越是靠近,空气里的魔气就越浓。无念身体里的魔种,宛如受到了什么召唤,开始疯狂地生长,那朵黑色的妖花,要把他整个小小的身体都盖住!
沈清辞只能持续地用自己本就不多的净化之力,为他压制,但收效很小,跟杯水车薪没区别。
终于,他们到了血月的正下方。
那是一座用无数骸骨搭成的、庞大又邪恶的祭坛。
祭坛的四周,绑着上百个衣着单薄的少女,她们的手腕被划开,鲜血顺着祭坛上刻的沟壑,慢慢地流进了祭坛中央一个庞大的血池里。

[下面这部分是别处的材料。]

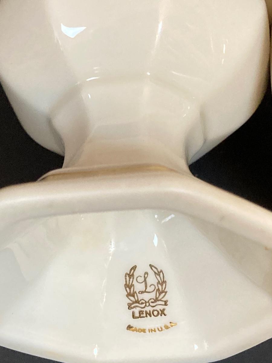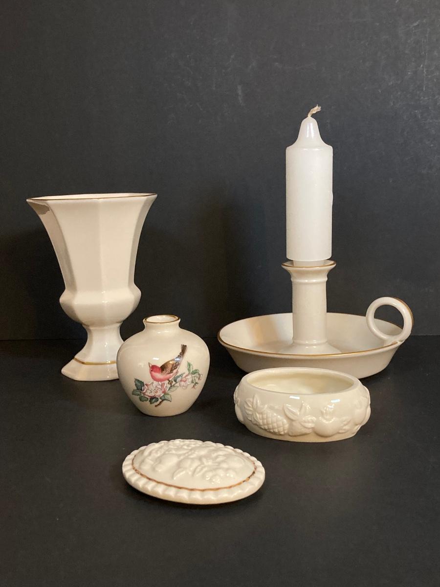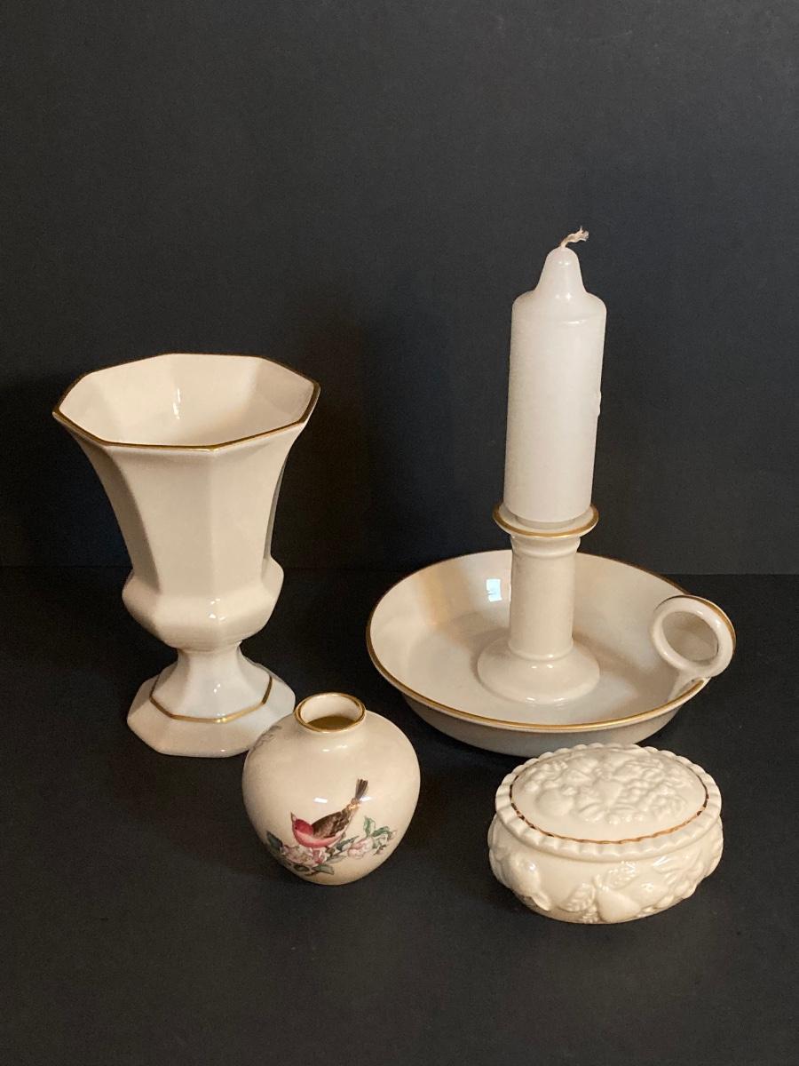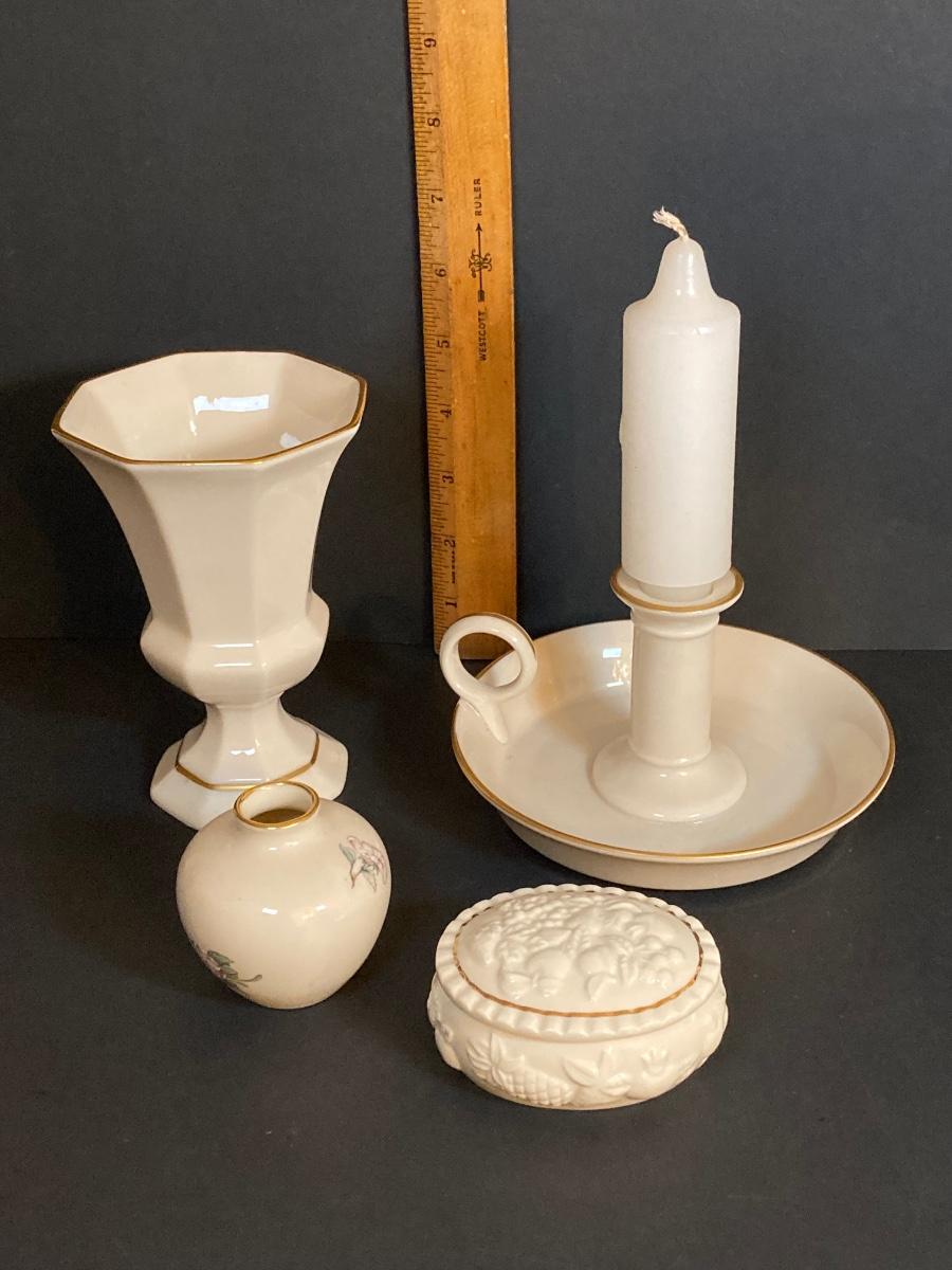 LOT 60D: Collection of Lenox - Candlestick Holder, Vase, Trinket Box and Miniature "Serenade" Vase

而在那翻滚着血泡的池水中央,赫然坐着一个他们无比熟悉的人影。
是玄钰!
他慢慢地睁开眼睛,看着狼狈的两个人,露出了一个恶魔似的微笑。
“皇姐,皇姐夫,别来无恙啊。”
“本王,可是在这儿,等很久了。”
沈清辞冷冷道:“解药。”
“解药?”玄钰站起身,伸出手指,指向了那翻滚的血池,“喏,那不就是解药吗?”
“这血月之血,可是能净化世间一切魔气的圣物。”
“但——”他顿了顿,脸上露出了残忍的笑,“想激活它,光有这上百个纯阴少女的鲜血当引子,还不够。”
“现在,还差了最后一味,也是最重要的一味药引。”
“什么?”
玄钰的视线,落在了沈清辞背上,那个被黑花覆盖的孩子身上,眼神里,全是贪婪跟狂热。
“真龙之子的……心头血。”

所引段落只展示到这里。